According to the embodiment of the invention, after all the sub-threads are finished, the integrity of the crawl data is detected by the main thread, the crawl is continued to be carried out on the missing data until the crawl data is complete, and a log report is generated and pushed to the server according to the task completion condition, which comprises the following steps:
the main thread detects the data integrity of all tasks and marks the tasks with incomplete data;
analyzing according to the marked task to obtain missing data;
generating a missing data crawler task according to the missing data, and processing the missing data crawler task by a promoter thread;
detecting the integrity of the missing data after the task of the missing data crawler is finished, and judging whether the missing data is completely crawled;
if not, the incomplete missing data repeatedly generates a missing data crawler task until the crawler task is completed completely;
if yes, generating a task log based on the task completion time and the task content.
After all the sub-threads are finished, the main thread automatically receives a task completion notification, then the main thread compares the warehouse-in data of the current date with the warehouse-in data of the historical date, the data integrity of the sub-tasks is judged, the sub-threads are started again for incomplete missing data to generate a task pool based on the missing data, the sub-threads are scheduled to start missing data crawler tasks, after the missing data crawler tasks are completed, data integrity detection is carried out again, if the data is incomplete, the missing data crawler tasks are continuously generated, and the detection is circulated until the data is complete, and the crawler tasks are completed. And finally, summarizing task logs based on task completion time and task content on the current date, and pushing the task logs to a display terminal.

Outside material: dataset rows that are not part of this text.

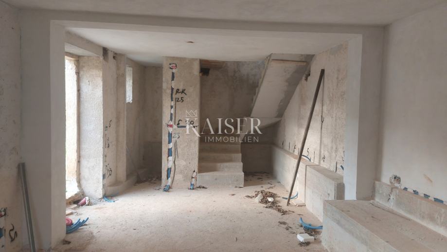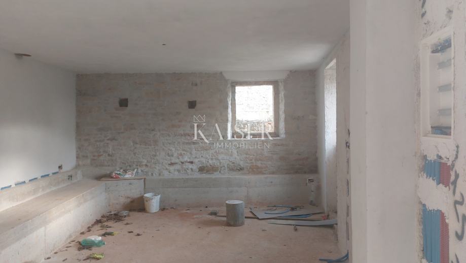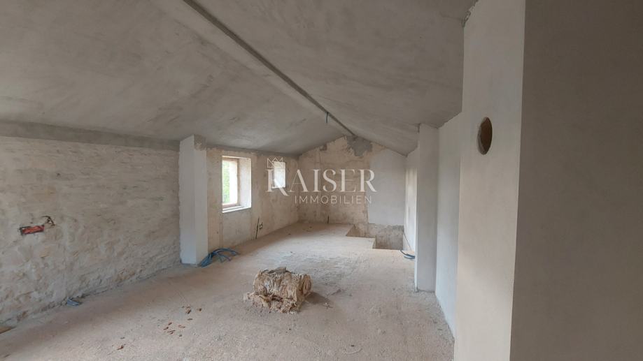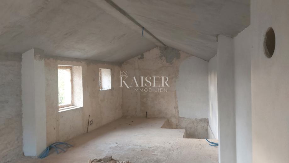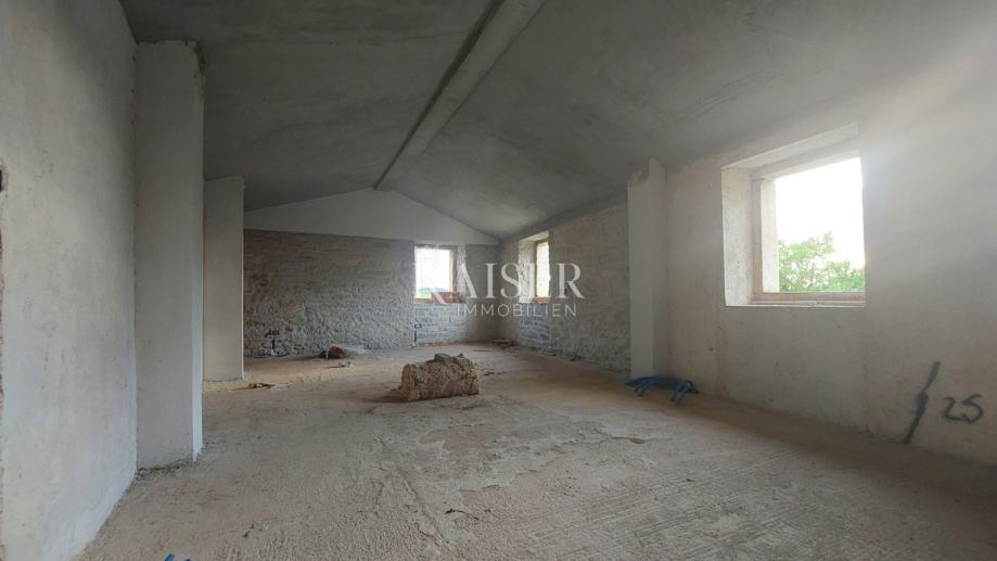 U mirnom selu s tek nekoliko kuća, smjestila se samostojeća kamena kuća površine 90 m2, trenutno u rohbau fazi uređenja. Raspoređena je kroz prizemlje i potkrovlje; u prizemlju su smješteni ulazni hodnik, kuhinja sa blagovaonom i dnevnim boravkom otvorenog tipa i wc. Unutarnjim stepeništem penjemo se na prvi kat na kojem novi vlasnik može napraviti raspored po želji, a predviđene su dvije spavaće sobe i kupaonica. Kuća ima novu temeljnu ploču sa hidroizolacijom, unutarnje stepenište, međukatnu armirano-betonsku ploču, novi krov sa toplinskom izolacijom, u potpunosti su očišćeni vanjski i unutarnji zidovi te fugirani vodonepropusnom bijelom fugom kako bi se očuvao tradicionalni izgled. Napravljena je septička jama, upojni bunar te instalacije za vodu. Dvorište je površine 200m2.
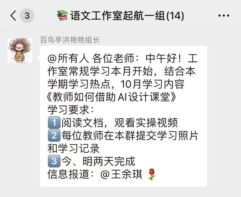 此次“AI+教育”研修学习,为焦斌徐颖工作室启航一组的教学实践注入了新活力。成员们纷纷表示,将以此次学习为起点,把研修所得转化为课堂实践,在“教”与“学”的变革中主动作为,以“认知导航员”的新身份,让AI赋能每一堂课,让核心素养落地每一位学生,为工作室的教育科研与教学创新写下生动注脚。
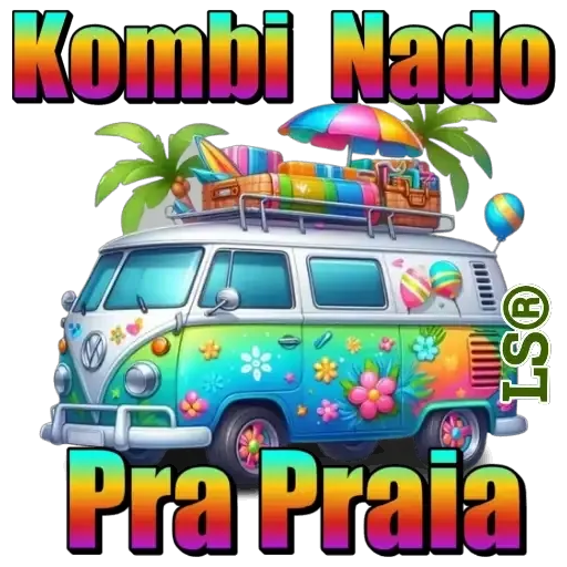 Uma van Kombi decorada com flores e estrelas, carregada com uma prancha de surfe e guarda-sol, com a frase 'Kombi Nado Pra Praia' em letras coloridas.

According to an embodiment of the present invention, further comprising:
acquiring execution time of a crawler task;
analyzing according to the execution time of the crawler task, and judging whether the execution time of the crawler task is larger than a first preset time threshold;
if not, continuing recording;
if yes, finishing the crawler task, and generating a task log based on the finishing time and the task content.
It should be noted that, except for the case where the task is completed, if the task is timed out, the crawler task is also ended, and a task log is generated. The first preset time threshold is obtained by predicting the whole situation of the crawler task by the system, the execution time of the crawler task is recorded while the crawler task starts, and when the execution time of the crawler task is greater than the first preset time threshold, whether the crawler task is completed to directly finish the crawler task is not considered, and a task log is generated.

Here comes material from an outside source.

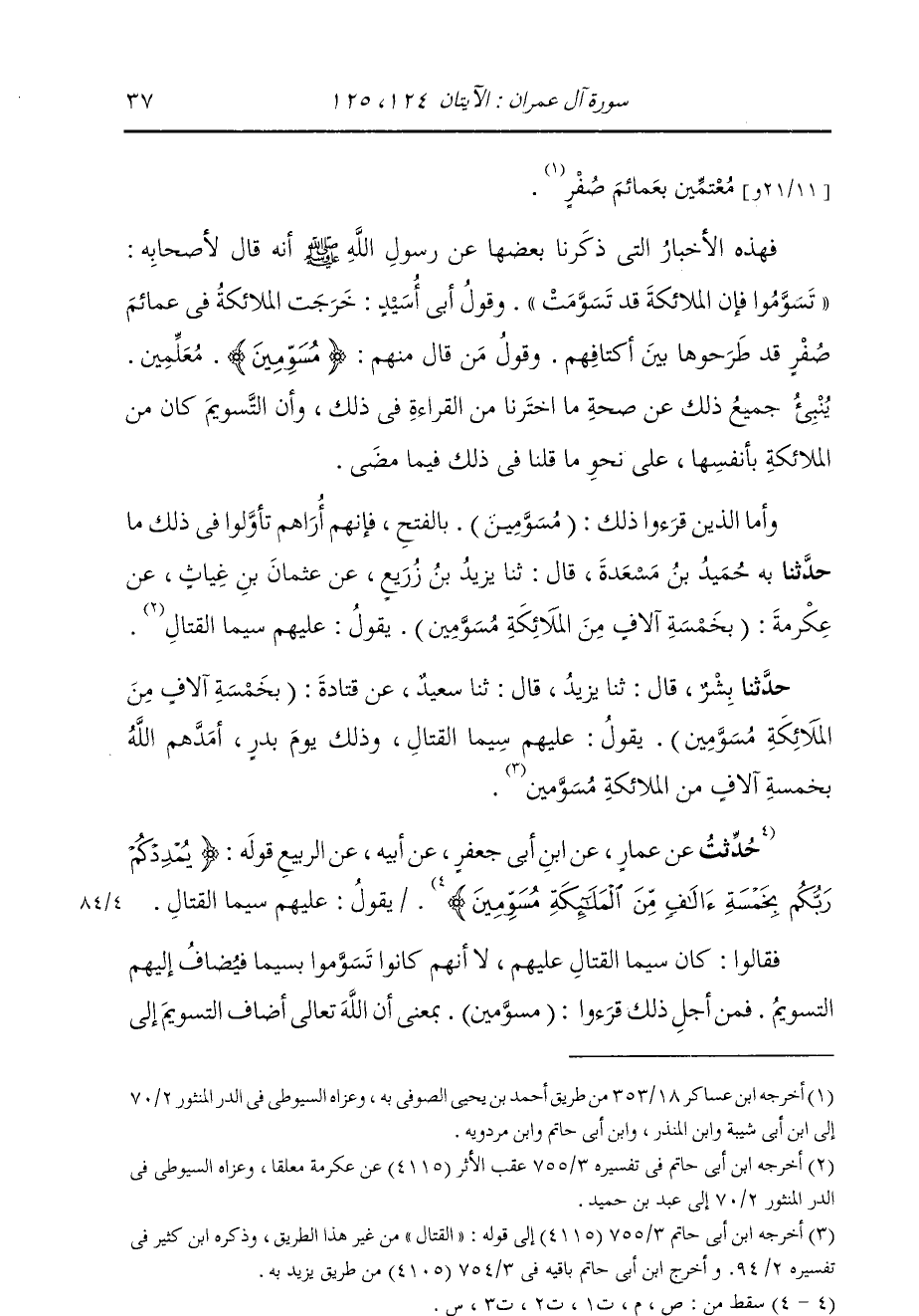 حَدَّثَنَا بِشْرٌ، قَالَ: ثنا يَزِيدُ، قَالَ: ثنا سَعِيدٌ، عَنْ قَتَادَةَ: {§بِخَمْسَةِ آلَافٍ مِنَ الْمَلَائِكَةِ مُسَوِّمِينَ} [آل عمران: 125] ، يَقُولُ: " عَلَيْهِمْ سِيَمَا الْقِتَالِ، وَذَلِكَ يَوْمَ بَدْرٍ، أَمَدَّهُمُ اللَّهُ بِخَمْسَةِ آلَافٍ مِنَ الْمَلَائِكَةِ مُسَوِّمِينَ، يَقُولُ: عَلَيْهِمْ سِيمَا الْقِتَالِ " فَقَالُوا: كَانَ سِيمَا الْقِتَالِ عَلَيْهِمْ، لَا أَنَّهُمْ كَانُوا تَسَوَّمُوا بِسِيمَا فِيُضَافُ إِلَيْهِمُ التَّسْوِيمُ، فَمِنْ أَجْلِ ذَلِكَ قَرَءُوا: {مُسَوِّمِينَ} [آل عمران: 125] بِمَعْنَى أَنَّ اللَّهَ تَعَالَى أَضَافَ التَّسْوِيمَ إِلَى -[38]- مَنْ سَوَّمَهُمْ تِلْكَ السِّيمَا، وَالسِّيمَا الْعَلَامَةُ، يُقَالُ: هِيَ سِيمَا حَسَنَةٌ، وَسِيمِيَاءُ حَسَنَةٌ، كَمَا قَالَ الشَّاعِرُ:

According to an embodiment of the present invention, further comprising:
analyzing according to the crawler task, and calculating the estimated completion time of each subtask;
and evenly distributing the crawler task to each sub-thread according to the estimated completion time of each sub-task.
Before the crawler task starts, firstly, each subtask in the crawler task is simulated through a server to obtain the expected completion time of each subtask. All subtasks are then evenly distributed to each subthread of the crawler task based on the predicted completion time of each subtask. In the process of crawling website data, each sub-thread is in a working state as much as possible, so that the efficiency of a crawler task is improved.
According to an embodiment of the present invention, further comprising:
setting an access time interval according to the website attribute;
randomly generating a random time interval through the access time interval;
starting timing after the sub-thread finishes network data crawling, and obtaining the rest time of the sub-thread;
comparing the rest time of the sub-thread with the random time interval, and when the rest time of the sub-thread is larger than the random time interval, continuing to crawl the network data by the promoter thread.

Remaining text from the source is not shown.